Organization	Value Type	Notes	Limit (ppm)
OSHA (Washington, DC, USA)	PEL–TWA	Up to 50 ppm allowed if it does not exceed 10 min and never exceeds 20 ppm on average.	20 ppm (ceiling)
NIOSH (Washington, DC, USA)	REL–TWA	Recommended limit (8 h/day, 40 h/week).	10 ppm
NIOSH (Washington, DC, USA)	REL–STEL	Maximum permitted exposure for 15 min.	15 ppm
NIOSH (Washington, DC, USA)	IDLH	Immediately dangerous to life or health.	100 ppm
ACGIH (Sharonville, OH, USA)	TLV–TWA	Threshold limit value, 8 h time-weighted average. Revised in 2010.	1 ppm
ACGIH (Sharonville, OH, USA)	TLV–STEL	Short-term exposure limit (15 min).	5 ppm
EU (Brussels, Belgium)	VLEP–TWA	Occupational exposure limit value (8 h).	5 ppm (7 mg/m3)
EU (Brussels, Belgium)	VLEP–STEL	Short-term exposure limit value (15 min).	10 ppm (14 mg/m3)

Parameters to be determined: PEL (Permissible Exposure Limits); TWA (Time-Weighted Average); REL (Recommended Exposure Limit); STEL (Short-Term Exposure Limit); IDLH (Immediately Dangerous to Life or Health); TLV (Threshold Limit Value): threshold limit value defined by ACGIH; includes TWA (8 h average), STEL (15 min), and Ceiling (ceiling value that must never be exceeded); VLEP (Occupational Exposure Limit Value).

.

7. Conclusions

Hydrogen sulfide (H₂S) has been established in recent decades as a true gasotransmitter with functions comparable to nitric oxide and carbon monoxide. Biochemical, molecular, and clinical evidence positions it as a key molecule in the regulation of cellular homeostasis, redox balance, inflammation and silent inflammation, and epigenetic signaling. Its ability to act in a dual manner—through immediate effects at the chemical level and longer-lasting modulations via epigenetic processes—makes H₂S a molecule of physiological and therapeutic interest.
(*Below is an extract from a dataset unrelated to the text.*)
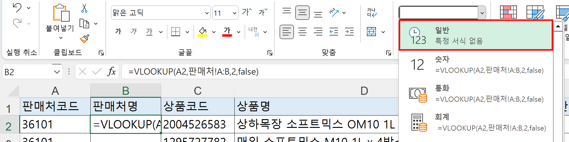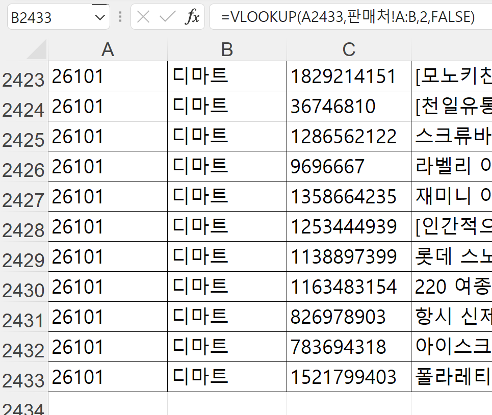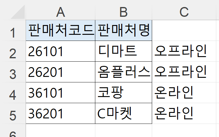 그 판매처 시트에서 A에서 B열에서 찾을 거고,

From the balneotherapeutic perspective, sulfurous mineral-medicinal waters represent a natural and accessible source of H₂S whose therapeutic use has been supported by experimental and clinical studies. When properly managed from a hydrochemical and technical standpoint, these waters preserve the bioavailable fraction of the gas and ensure its therapeutic action. Their application in dermatology, rheumatology, and respiratory disease offers benefits ranging from restoration of skin barrier function, regulation of the microbiota, and tissue repair to reduction of osteoarticular inflammation and modulation of bronchial hyperreactivity.
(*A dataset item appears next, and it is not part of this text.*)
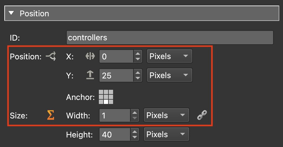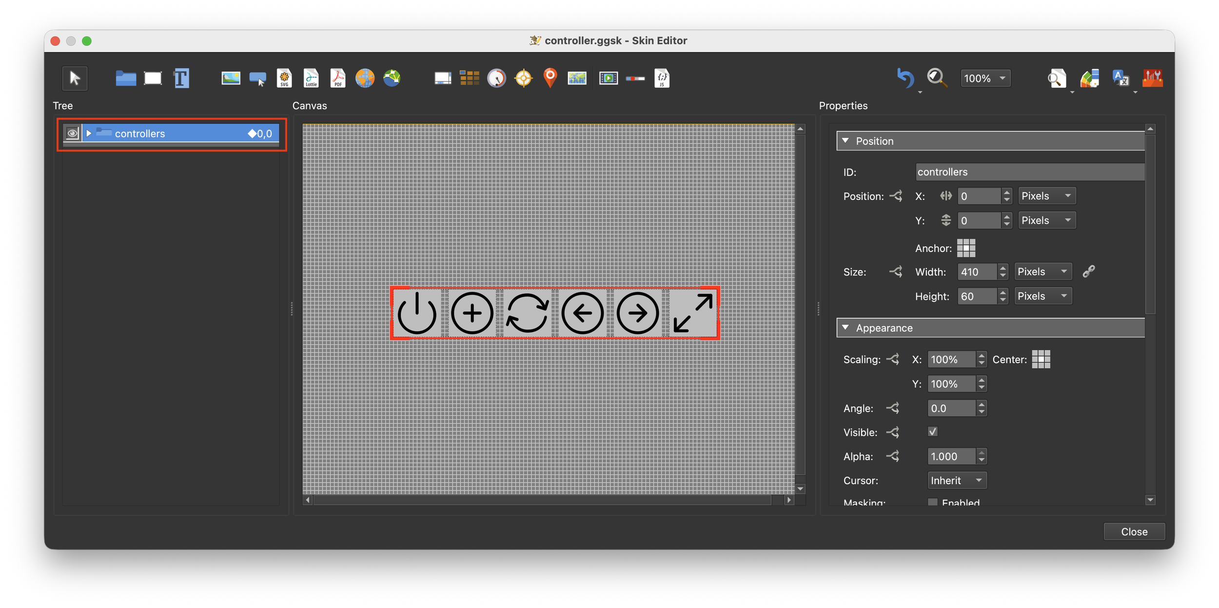 Note: when we place the controllers container into the menu_bar element we will want it to maintain a center position in the bar. To do so we must resize the container to match the elements.

The molecular mechanisms described in this review—including activation of the Nrf2/Keap1 pathway, inhibition of NF-κB, persulfidation of key proteins, activation of ion channels, and modulation of HDACs and sirtuins—provide a solid physiological basis that explains the clinical effects observed. This knowledge has allowed us to transcend the classic empiricism of balneotherapy, providing it with a rigorous scientific foundation that legitimizes its use within integrative medicine and modern pharmacology.

Likewise, the epigenetic activity of H₂S, with implications for aging, cell repair, and metabolic regulation, opens new research avenues toward its application in regenerative medicine, oncology, neuroprotection, and healthy longevity. In the same way, the development of controlled-release pharmacological H₂S donors and the incorporation of cosmetic strategies based on this gasotransmitter broaden its therapeutic horizons beyond the spa setting.
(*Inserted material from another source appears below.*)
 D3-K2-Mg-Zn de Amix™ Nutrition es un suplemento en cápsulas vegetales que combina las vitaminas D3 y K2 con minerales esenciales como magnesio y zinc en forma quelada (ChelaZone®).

In conclusion, H₂S should be understood as a hinge molecule between redox biology, cellular signaling, and epigenetics, with notable translational potential in various areas of medicine and cosmetics. Balneotherapy with sulfurous waters is not only a historical therapeutic heritage but also emerges as a contemporary and future tool for the prevention and treatment of multiple pathologies, provided that clinical protocols grounded in current scientific knowledge are applied. However, several limitations should be considered. The heterogeneity of sulfurous waters introduces multiple variables—H₂S/HS⁻ equilibrium, pH, temperature, aeration, accompanying ions, polysulfides, and other gases—that can modify bioavailability. Effective H₂S doses at the site of action and the impact of different routes of administration during therapeutic applications are seldom known. Further work is needed to characterize these singularities in order to establish more specific protocols for sulfurous waters and to facilitate their translation to clinical practice.